> Exercise description
Each line from the one that holds "Drawing inspiration from" to the end of the records is to be retyped exactly. Pictures are not part of the copy.

START Provided data

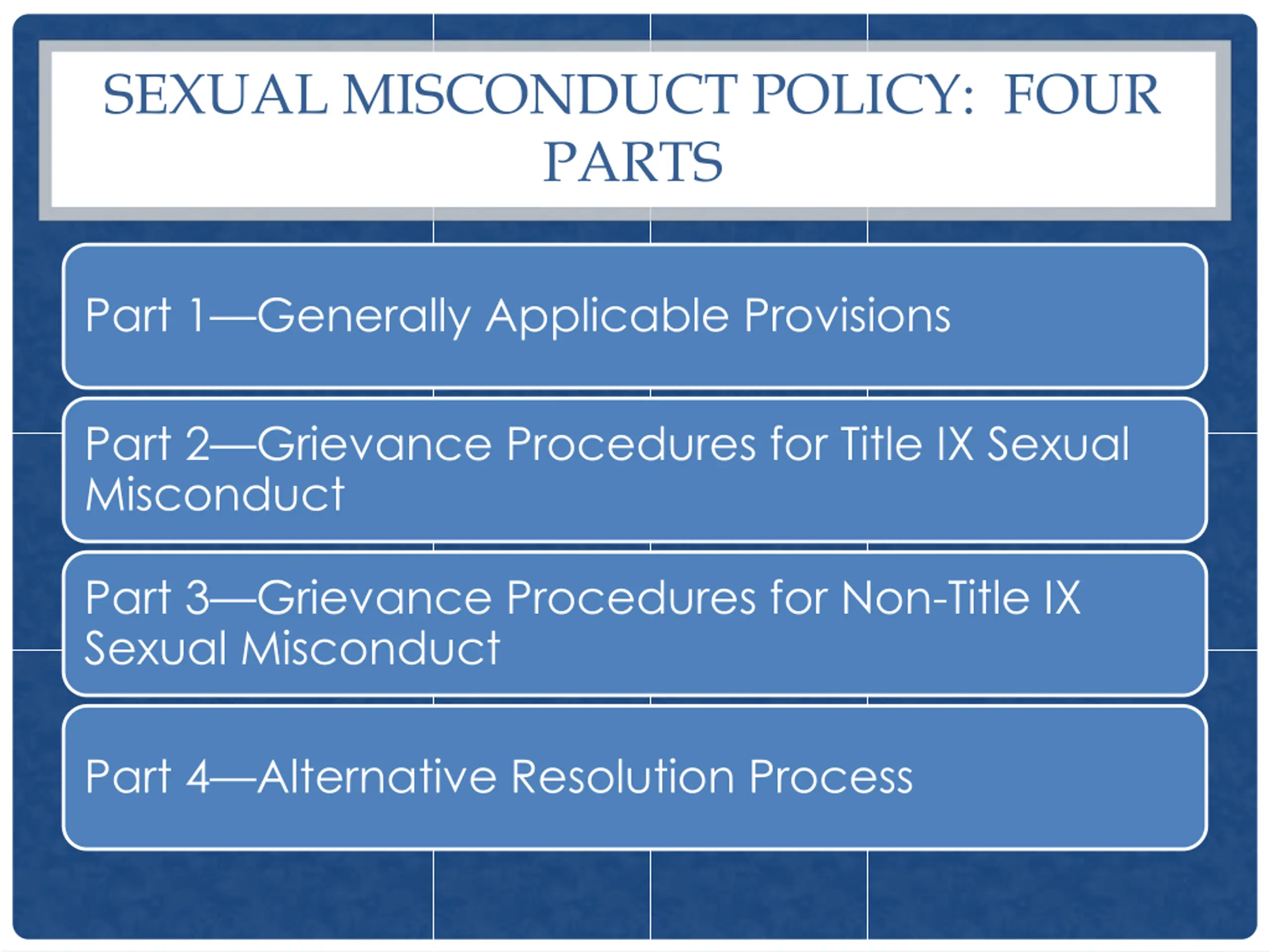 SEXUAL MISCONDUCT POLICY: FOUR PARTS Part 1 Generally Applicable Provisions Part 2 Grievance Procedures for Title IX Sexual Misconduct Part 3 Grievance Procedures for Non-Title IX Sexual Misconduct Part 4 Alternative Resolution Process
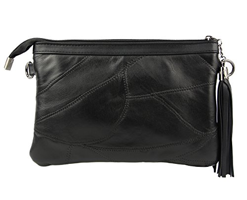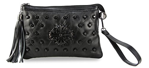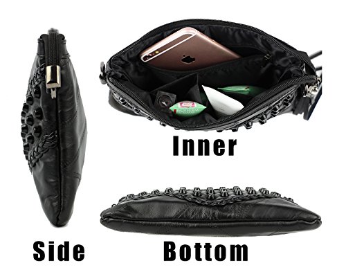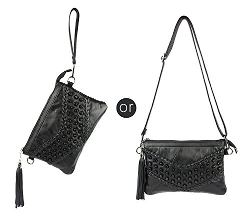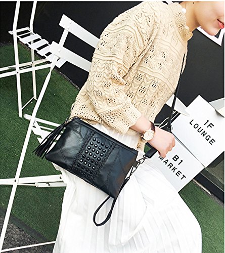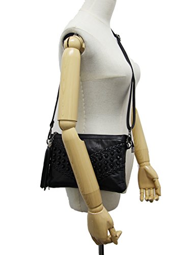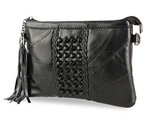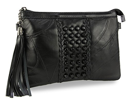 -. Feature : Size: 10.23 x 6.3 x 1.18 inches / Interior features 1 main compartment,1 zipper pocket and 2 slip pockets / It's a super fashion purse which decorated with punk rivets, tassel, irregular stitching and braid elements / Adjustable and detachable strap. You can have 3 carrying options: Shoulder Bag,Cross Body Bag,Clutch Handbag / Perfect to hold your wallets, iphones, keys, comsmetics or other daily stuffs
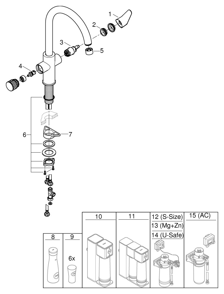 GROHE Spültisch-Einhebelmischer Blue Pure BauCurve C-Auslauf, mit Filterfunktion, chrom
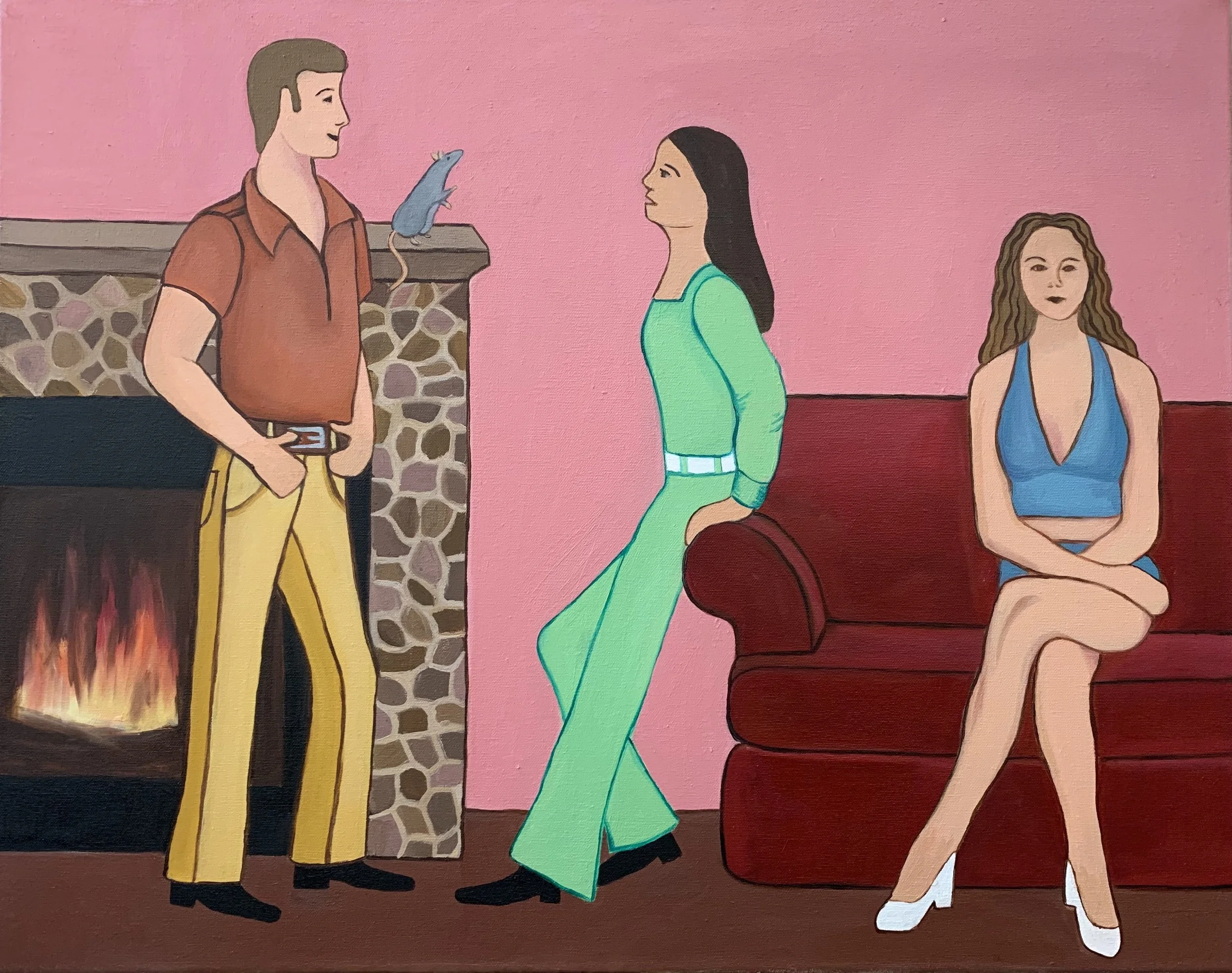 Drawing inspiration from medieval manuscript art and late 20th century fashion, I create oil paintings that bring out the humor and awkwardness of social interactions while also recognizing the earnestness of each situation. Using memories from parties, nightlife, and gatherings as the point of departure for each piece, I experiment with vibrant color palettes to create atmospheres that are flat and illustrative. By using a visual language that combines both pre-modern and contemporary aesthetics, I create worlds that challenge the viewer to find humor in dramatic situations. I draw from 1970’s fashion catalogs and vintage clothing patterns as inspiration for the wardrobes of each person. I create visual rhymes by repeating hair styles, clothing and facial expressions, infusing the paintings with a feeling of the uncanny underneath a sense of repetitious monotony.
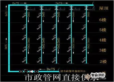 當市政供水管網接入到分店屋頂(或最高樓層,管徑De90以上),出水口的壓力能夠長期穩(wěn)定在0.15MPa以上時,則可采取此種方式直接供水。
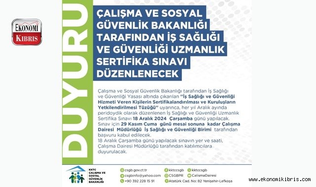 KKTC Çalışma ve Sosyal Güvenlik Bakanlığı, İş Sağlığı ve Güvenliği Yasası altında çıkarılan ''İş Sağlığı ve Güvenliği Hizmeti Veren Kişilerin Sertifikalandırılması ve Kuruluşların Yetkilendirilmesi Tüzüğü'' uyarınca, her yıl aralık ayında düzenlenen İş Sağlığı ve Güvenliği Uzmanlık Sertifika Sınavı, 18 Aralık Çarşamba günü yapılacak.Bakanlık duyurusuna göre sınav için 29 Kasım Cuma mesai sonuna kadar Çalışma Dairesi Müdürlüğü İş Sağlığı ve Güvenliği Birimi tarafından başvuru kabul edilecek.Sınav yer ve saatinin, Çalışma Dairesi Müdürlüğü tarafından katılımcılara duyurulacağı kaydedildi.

END Provided data

> Solution for this task
 Drawing inspiration from medieval manuscript art and late 20th century fashion, I create oil paintings that bring out the humor and awkwardness of social interactions while also recognizing the earnestness of each situation. Using memories from parties, nightlife, and gatherings as the point of departure for each piece, I experiment with vibrant color palettes to create atmospheres that are flat and illustrative. By using a visual language that combines both pre-modern and contemporary aesthetics, I create worlds that challenge the viewer to find humor in dramatic situations. I draw from 1970’s fashion catalogs and vintage clothing patterns as inspiration for the wardrobes of each person. I create visual rhymes by repeating hair styles, clothing and facial expressions, infusing the paintings with a feeling of the uncanny underneath a sense of repetitious monotony.
 當市政供水管網接入到分店屋頂(或最高樓層,管徑De90以上),出水口的壓力能夠長期穩(wěn)定在0.15MPa以上時,則可采取此種方式直接供水。
 KKTC Çalışma ve Sosyal Güvenlik Bakanlığı, İş Sağlığı ve Güvenliği Yasası altında çıkarılan ''İş Sağlığı ve Güvenliği Hizmeti Veren Kişilerin Sertifikalandırılması ve Kuruluşların Yetkilendirilmesi Tüzüğü'' uyarınca, her yıl aralık ayında düzenlenen İş Sağlığı ve Güvenliği Uzmanlık Sertifika Sınavı, 18 Aralık Çarşamba günü yapılacak.Bakanlık duyurusuna göre sınav için 29 Kasım Cuma mesai sonuna kadar Çalışma Dairesi Müdürlüğü İş Sağlığı ve Güvenliği Birimi tarafından başvuru kabul edilecek.Sınav yer ve saatinin, Çalışma Dairesi Müdürlüğü tarafından katılımcılara duyurulacağı kaydedildi.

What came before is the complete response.